The head of Iran’s cyber police (FATA) claimed this week that the force stopped a US-led cyber-attack on the country’s oil ministry, according to local reports.

The attack is thought to have come during a local four-day holiday period in March, according to a report from the state-controlled Fars news agency.

“These hackers were from the US and we informed them (the US officials) of the issue in an official letter and also issued an international judicial order and the issue is now being pursued by the foreign ministry,” brigadier general Seyed Kamal Hadianfar is quoted as saying.

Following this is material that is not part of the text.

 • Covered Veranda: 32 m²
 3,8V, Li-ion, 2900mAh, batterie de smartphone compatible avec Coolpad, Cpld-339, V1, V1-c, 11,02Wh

If true, it’s not the first time the oil ministry has been hit by hackers. It was the target of an attack in 2012 which damaged users’ hard drives, the report claimed.

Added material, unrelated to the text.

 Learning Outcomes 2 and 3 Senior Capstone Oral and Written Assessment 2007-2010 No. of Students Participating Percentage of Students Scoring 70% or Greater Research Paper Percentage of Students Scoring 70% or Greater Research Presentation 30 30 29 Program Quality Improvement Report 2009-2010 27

Iran operates a similar policy to China regarding cybersecurity – denying all accusations that it has ever perpetrated state-sponsored online attacks and instead accusing other nations of targeting its institutions and businesses.

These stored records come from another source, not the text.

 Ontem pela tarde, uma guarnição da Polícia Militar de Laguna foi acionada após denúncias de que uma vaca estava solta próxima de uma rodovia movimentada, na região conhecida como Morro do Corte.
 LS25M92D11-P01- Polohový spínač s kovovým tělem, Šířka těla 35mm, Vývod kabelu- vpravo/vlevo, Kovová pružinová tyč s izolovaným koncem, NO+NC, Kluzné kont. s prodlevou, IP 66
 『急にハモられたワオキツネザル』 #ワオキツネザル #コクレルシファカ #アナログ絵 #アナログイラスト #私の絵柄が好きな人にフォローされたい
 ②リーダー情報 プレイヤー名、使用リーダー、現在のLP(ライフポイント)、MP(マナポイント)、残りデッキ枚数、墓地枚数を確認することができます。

It’s true that the country’s nuclear facility at Natanz was hit by the now infamous Stuxnet worm back in 2009 – an effort backed by Israel and the US. That attack managed to disrupt the country’s nuclear arms program by causing centrifuges to speed up.

However, in return, Iran has been ramping up its own cyber capabilities.

A report from threat intelligence firm Cylance in December pegged the country as “the new China” after unveiling a major new targeted attack campaign – Operation Cleaver – designed to steal military and defense secrets.

The same operatives were accused of hacking classified US Navy computers in 2013.

It’s also thought that state-backed hackers could have been behind a notorious 2012 attack on oil giant Saudi Aramco – which used the Shamoon virus in one of the first recorded instances of a mass destructive malware attack.

Iran was also blamed for a destructive cyber-attack on the Sands casino group back in February 2014.

That online blitz took out key servers and PCs and wiped hard drives, forcing panicked IT staff to rip out network cabling to try and prevent it spreading through the organization.